I have been taught the 1D array way of doing binary search:
def exist(target, array):
lower = -1
upper = len(array)
while not (lower + 1 == upper):
mid = (lower + upper)//2
if target== array[mid]:
return True
elif target< array[mid]:
upper = mid
else:
lower = mid
return False
However, now I am faced with this 2D array list2
that takes in employee_id and employee_birthyear:
[[2, 1986],
[4, 1950],
[6, 1994],
[9, 2004],
[12, 1988],
[13, 1964],
[16, 1987],
[18, 1989],
[19, 1951],
[20, 1991]]
I want to write a function using the above pure binary search algorithm that takes in a year (as an integer) and list2
, and returns a list of employee_id with matching employee_birthyear.
How do i do this?
Here's what i have thought of:
lst2 = [ j for i in list2 for j in i]
def get_IDs_with_birthyear(year, lst2):
lower = -1
upper = len(lst2)
while not (lower + 1 == upper):
mid = (lower + upper)//2
if year = lst2[mid]:
return mid
return []
Updates:
I tried sorting my year
and doing the binary search, but when there are multiple id
with the same year, I am unable to retrieve all the ids.
ids = []
def get_IDs_with_birthyear(year, employee_with_birthyear_list):
data2 = sorted(employee_with_birthyear_list, key=lambda d: d[1])
years = [d[1] for d in data2]
id = [d[0] for d in data2]
lower = -1
upper = len(years)
while not (lower + 1 == upper):
mid = (lower + upper)//2
if year == years[mid]:
ids.append(id[mid])
return ids
elif year < years[mid]:
upper = mid
else:
lower = mid
return False
Result is supposed to get [101, 201, 1999632, 1999649], but instead i got only [1999632]
result = get_IDs_with_birthyear(1949, ewby)
What am i doing wrong in my function?
The binary search algorithm needs the data to be sorted on the key you are searching on. In this case your 2D list is not sorted by year so you will need a different approach (or you'll need to resort the list on years instead of employee IDs).

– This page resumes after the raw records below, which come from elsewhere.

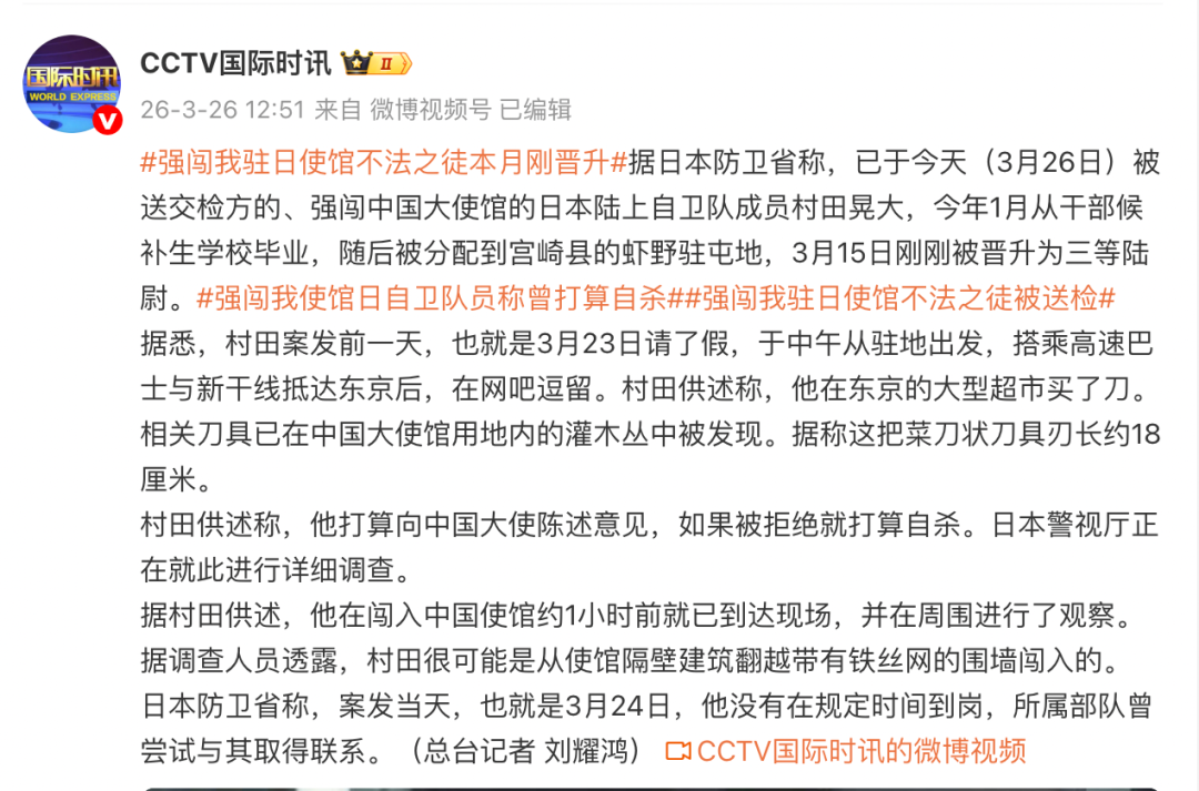 据日本防卫省称,已于今天(3月26日)被送交检方的、强闯中国大使馆的日本陆上自卫队成员村田晃大,今年1月从干部候补生学校毕业,随后被分配到宫崎县的虾野驻屯地,3月15日刚刚被晋升为三等陆尉。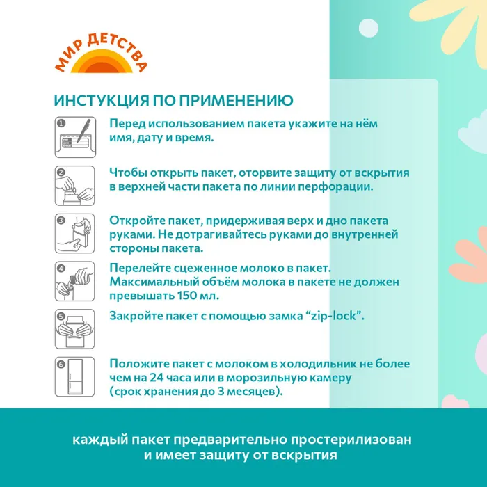 - Не используйте пакет вторично для хранения молока, он одноразовый.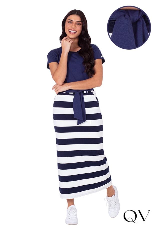 CONJUNTO MAX MIDI EM MALHA PIQUET LISA E LISTRADA PRETO - HAPUK

One option would be to build a dictionary with the year as key:
years = dict()
for emp,birth in employee_birthyear:
years.setdefault(birth,[]).append(emp)
Then you can get the list of employee IDs for any given birth year:
years[1950] # [4]
Note that you get a list of employee IDs because you could have more than one employee born the same year
Once the dictionary is build (an O(N) operation as opposed to O(NlogN) for a sort), all accesses by year will return in O(1). This avoids the need to change the order of elements in the employee_birthyear list and has lower complexity than a binary search (which is O(logN))